*** Data extract

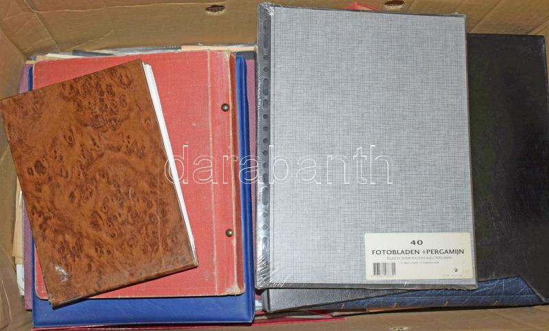Vegyes kellék tétel, benne üres kis-, közepes- és nagy berakók, albumok, albumlapok, kiadványok, dossziék, javarészt használt állapotban, nagy karton dobozban
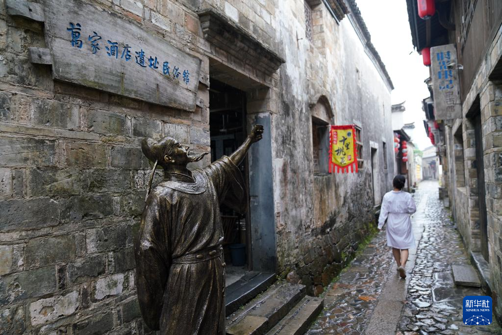 安徽宣城涇県桃花潭町で、観光客が散策していた。新華社記者馬寧5月15日撮影
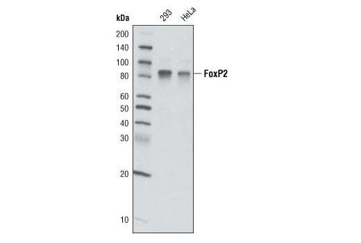 FoxP2 (D55H9) Rabbit Monoclonal Antibody detects endogenous levels of total FoxP2 protein.
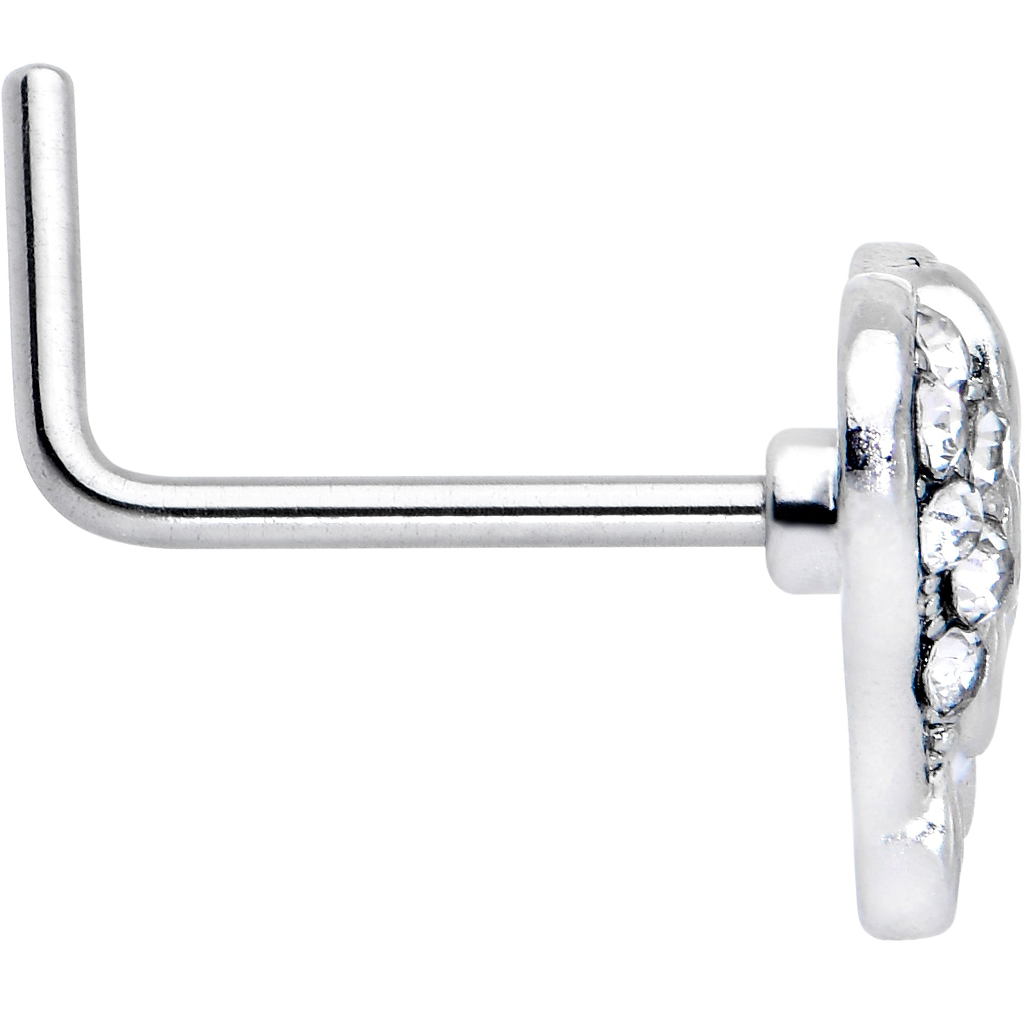Give yourself a heavenly new look with this 20 gauge nostril ring. It's made with a 0.27 inch length at the bend 316L surgical grade stainless steel L-shaped post. It features a heart shaped charm featuring an angel's wings, with one side paved with clear gems. The other side features white inlay and simply styled feather details. Let your look and your spirit soar with this stylish and spiritual nose piercing jewelry.
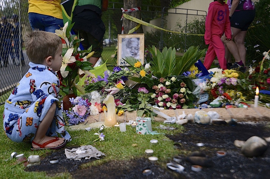 وانحنى البعض تبجيلا لدى المرور امام نعش مانديلا. ويوم الجمعة جلس حفيده المسمى على اسمه الى جوار النعش يستقبل الزوار بابتسامة.
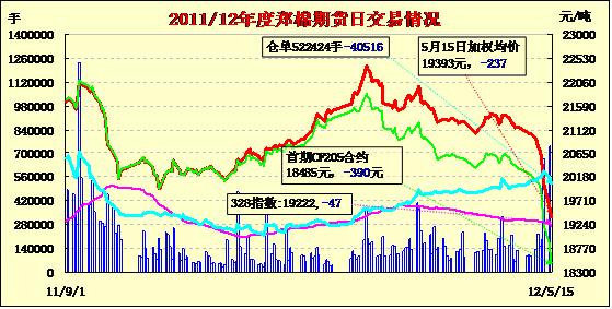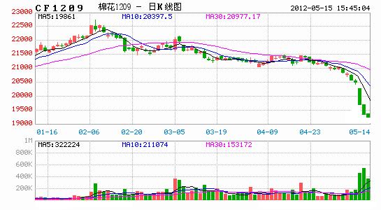 5月月15日,鄭棉CF1209合約微幅高開,早盤下探后在空頭回補(bǔ)支撐下反彈震蕩,隨后在空頭賣盤壓制下走低,午后弱市盤整,尾盤在空頭集中回補(bǔ)支撐下反彈,日線形成1/2下影線的陰線,主要合約成交量萎縮,近期合約持倉量大幅減少,遠(yuǎn)期合約持倉量增加。CF1209合約日成交351824手,日減倉15208手,終盤持倉量317660手;CF1301合約日成交140598手,日增倉6840手,終盤持倉量166710手。因電子盤大幅下跌,市場氣氛緊張,棉花價(jià)格不僅僅自2010年9月17日以來最低,而且跌到國家收儲(chǔ)價(jià)格19800元以下,相當(dāng)于跌回兩年前水平。現(xiàn)貨成交更加冷清,加工企業(yè)對(duì)后市較為悲觀,有庫存的不惜虧本加緊拋售,以防棉價(jià)繼續(xù)下跌。棉副方面,在外圍油脂粕類行情走低的影響下,棉油、粕行情疲軟。下游方面,全棉紗價(jià)格報(bào)平,市場交易沒有變化,低價(jià)無稅票紗占主流,不少紗線暗中含滌短,內(nèi)銷家紡面料需用滌短報(bào)價(jià)維持,市場走貨不快。
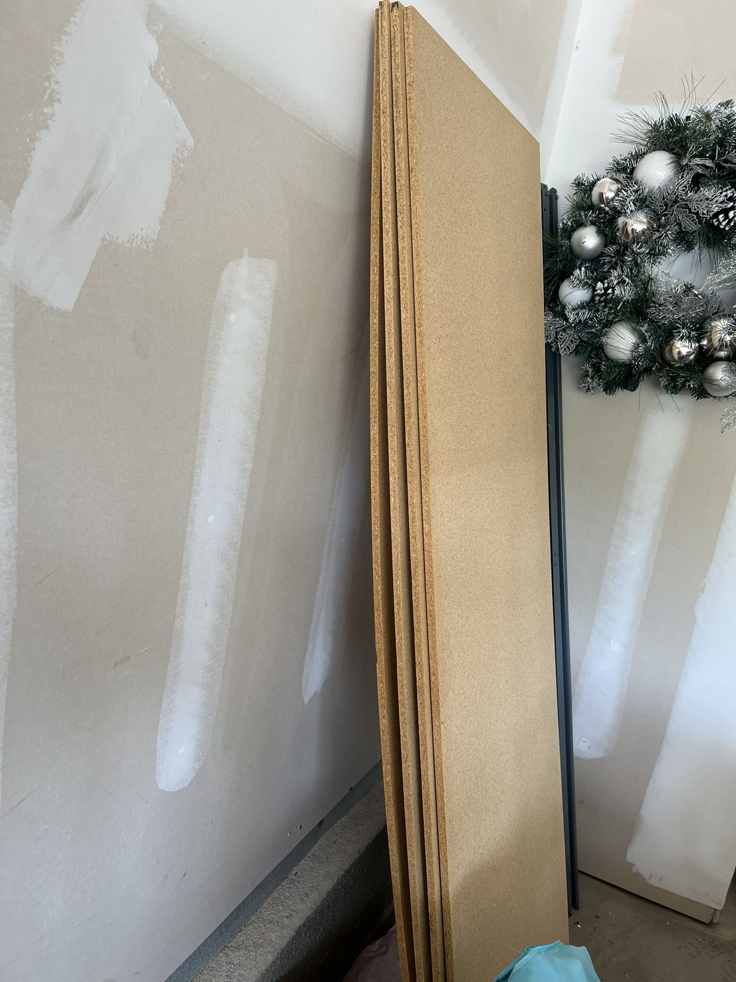 Shelves are unused 5 levels of ply board shelves, including brackets
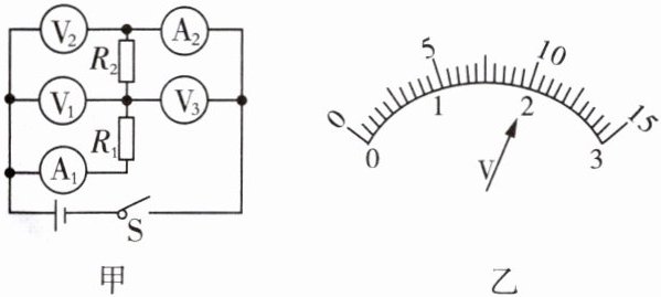 1.(1603)如图甲所示电路中,当开关S闭合时,电压表$V_1、$$V_2、$$V_3$的示数分别为$U_1、$$U_2、$$U_3,$电流表$A_1、$$A_2$的示数分别为$I_1$和$I_2($五块电表的读数均不为零),其中$V_1、$$V_2$两个电压表指针偏转均如图乙所示,则下列结论正确的是(
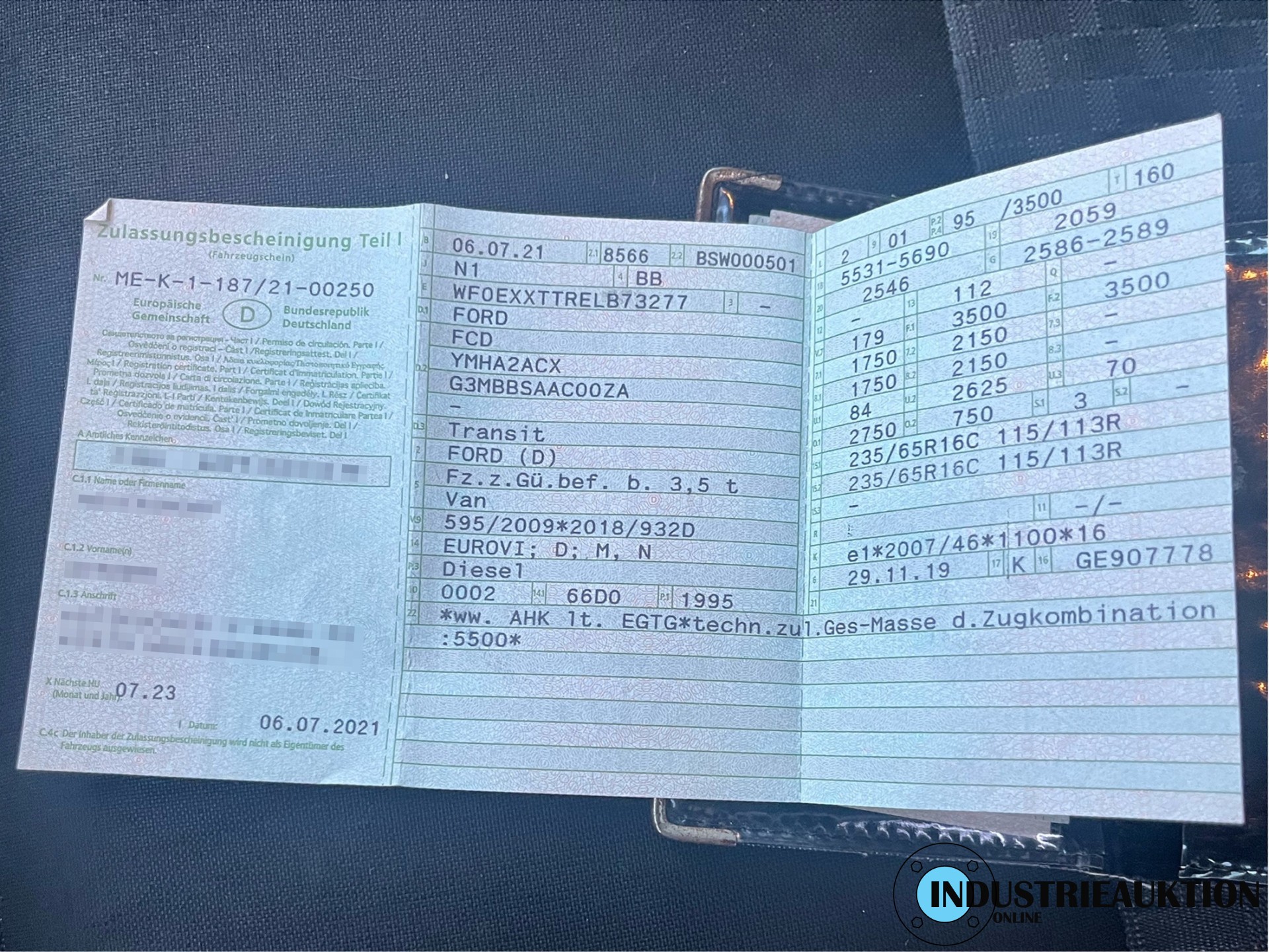 VAN FORD Transit 350, Isolierkasten, FG-Nr. WF0EXXTTRELB73277, EZ 07/21, abgel. Km-Stand ca, 59.300, zul. GG 3500kg, Diesel, EURO6, 1995cm³, 95 kW, HU 07/27, Klima, AHK, 2 Schiebetüren, CONNY COOLER Frischdienst-Ausbau, guter Zustand
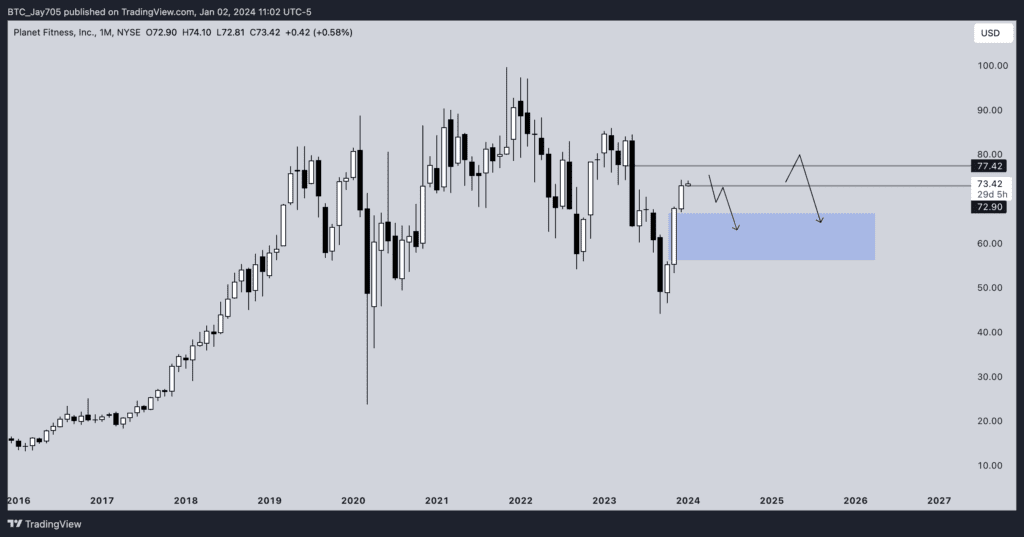 “We are not immediately looking to go long on PLNT just from here, but are rather carefully planning out short positions. A first option is that we run above $77.42, this would mean we run in a monthly timeframe bearish order-block. We want to see a 4H candle close back below $77.42 after first going above to take short entry, stop loss can be above $80, targeting $67 and $56 for a swing play. Alternatively if we don't reach that high, we can look for the $72.9 level to turn from support into resistance. We want to see a clean break below, then take an entry (short) on the retest of $72.9. We also target $67 and $56 for a swing short play here, our stop loss can go above $77.42. If we get stopped out that’s fine, we will then look for a 4H close back below $77.42 to short it once again if it sets up.
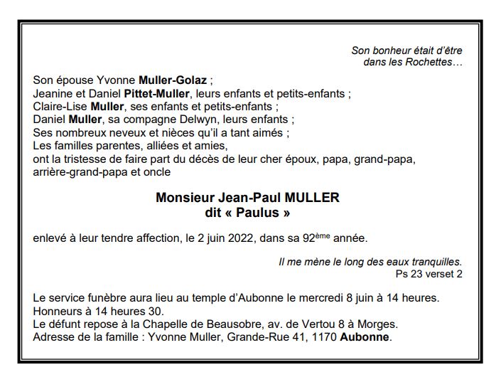 Monsieur Jean-Paul MULLER 21 déc. 1930 - 02 juin. 2022 Avis mortuaire PFG Télecharger PDF Partager sur: Galerie PreviousNext PreviousNext
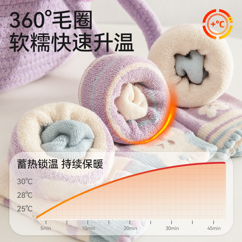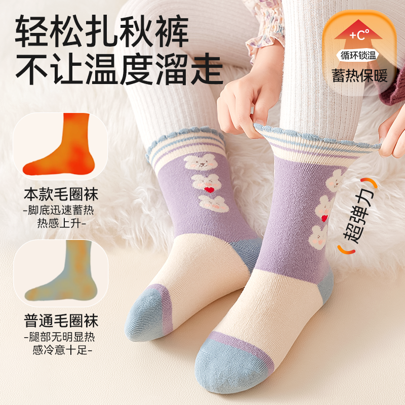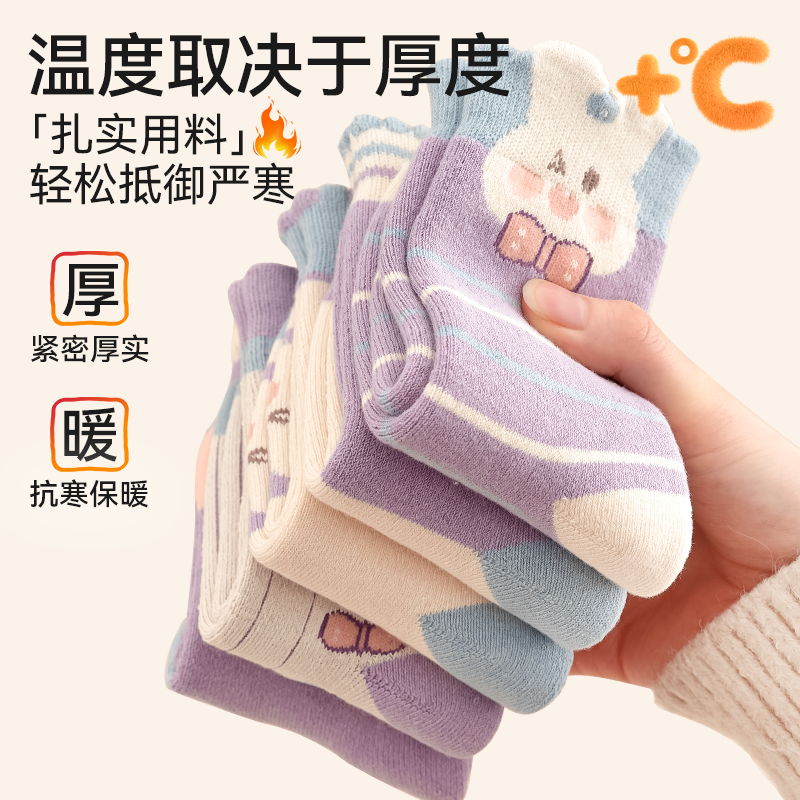 儿童袜子女童秋冬加绒加厚毛圈袜厚款冬季保暖女孩宝宝纯棉中筒袜
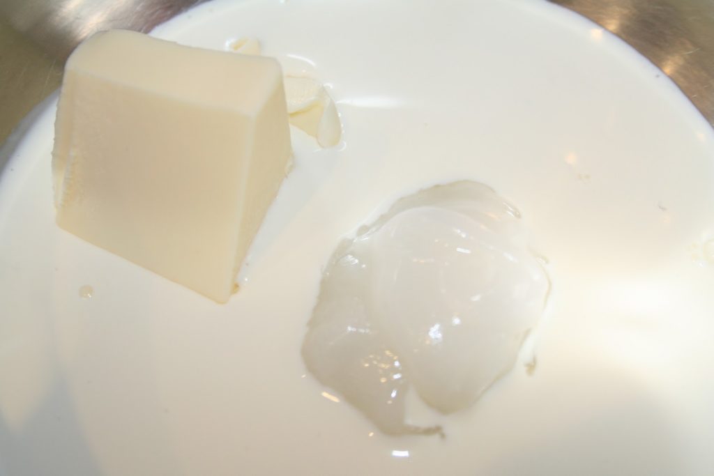 Poner en un cazo la mantequilla, el azúcar invertido (o la miel blanca cremosa) y la nata.

******

Task requirements: From the very first line of the listing above through the line that holds "VAN FORD Transit", write out each line exactly as it stands, leaving pictures out.

Response:
Vegyes kellék tétel, benne üres kis-, közepes- és nagy berakók, albumok, albumlapok, kiadványok, dossziék, javarészt használt állapotban, nagy karton dobozban
 安徽宣城涇県桃花潭町で、観光客が散策していた。新華社記者馬寧5月15日撮影
 FoxP2 (D55H9) Rabbit Monoclonal Antibody detects endogenous levels of total FoxP2 protein.
Give yourself a heavenly new look with this 20 gauge nostril ring. It's made with a 0.27 inch length at the bend 316L surgical grade stainless steel L-shaped post. It features a heart shaped charm featuring an angel's wings, with one side paved with clear gems. The other side features white inlay and simply styled feather details. Let your look and your spirit soar with this stylish and spiritual nose piercing jewelry.
 وانحنى البعض تبجيلا لدى المرور امام نعش مانديلا. ويوم الجمعة جلس حفيده المسمى على اسمه الى جوار النعش يستقبل الزوار بابتسامة.
 5月月15日,鄭棉CF1209合約微幅高開,早盤下探后在空頭回補(bǔ)支撐下反彈震蕩,隨后在空頭賣盤壓制下走低,午后弱市盤整,尾盤在空頭集中回補(bǔ)支撐下反彈,日線形成1/2下影線的陰線,主要合約成交量萎縮,近期合約持倉量大幅減少,遠(yuǎn)期合約持倉量增加。CF1209合約日成交351824手,日減倉15208手,終盤持倉量317660手;CF1301合約日成交140598手,日增倉6840手,終盤持倉量166710手。因電子盤大幅下跌,市場氣氛緊張,棉花價(jià)格不僅僅自2010年9月17日以來最低,而且跌到國家收儲(chǔ)價(jià)格19800元以下,相當(dāng)于跌回兩年前水平。現(xiàn)貨成交更加冷清,加工企業(yè)對(duì)后市較為悲觀,有庫存的不惜虧本加緊拋售,以防棉價(jià)繼續(xù)下跌。棉副方面,在外圍油脂粕類行情走低的影響下,棉油、粕行情疲軟。下游方面,全棉紗價(jià)格報(bào)平,市場交易沒有變化,低價(jià)無稅票紗占主流,不少紗線暗中含滌短,內(nèi)銷家紡面料需用滌短報(bào)價(jià)維持,市場走貨不快。
 Shelves are unused 5 levels of ply board shelves, including brackets
 1.(1603)如图甲所示电路中,当开关S闭合时,电压表$V_1、$$V_2、$$V_3$的示数分别为$U_1、$$U_2、$$U_3,$电流表$A_1、$$A_2$的示数分别为$I_1$和$I_2($五块电表的读数均不为零),其中$V_1、$$V_2$两个电压表指针偏转均如图乙所示,则下列结论正确的是(
 VAN FORD Transit 350, Isolierkasten, FG-Nr. WF0EXXTTRELB73277, EZ 07/21, abgel. Km-Stand ca, 59.300, zul. GG 3500kg, Diesel, EURO6, 1995cm³, 95 kW, HU 07/27, Klima, AHK, 2 Schiebetüren, CONNY COOLER Frischdienst-Ausbau, guter Zustand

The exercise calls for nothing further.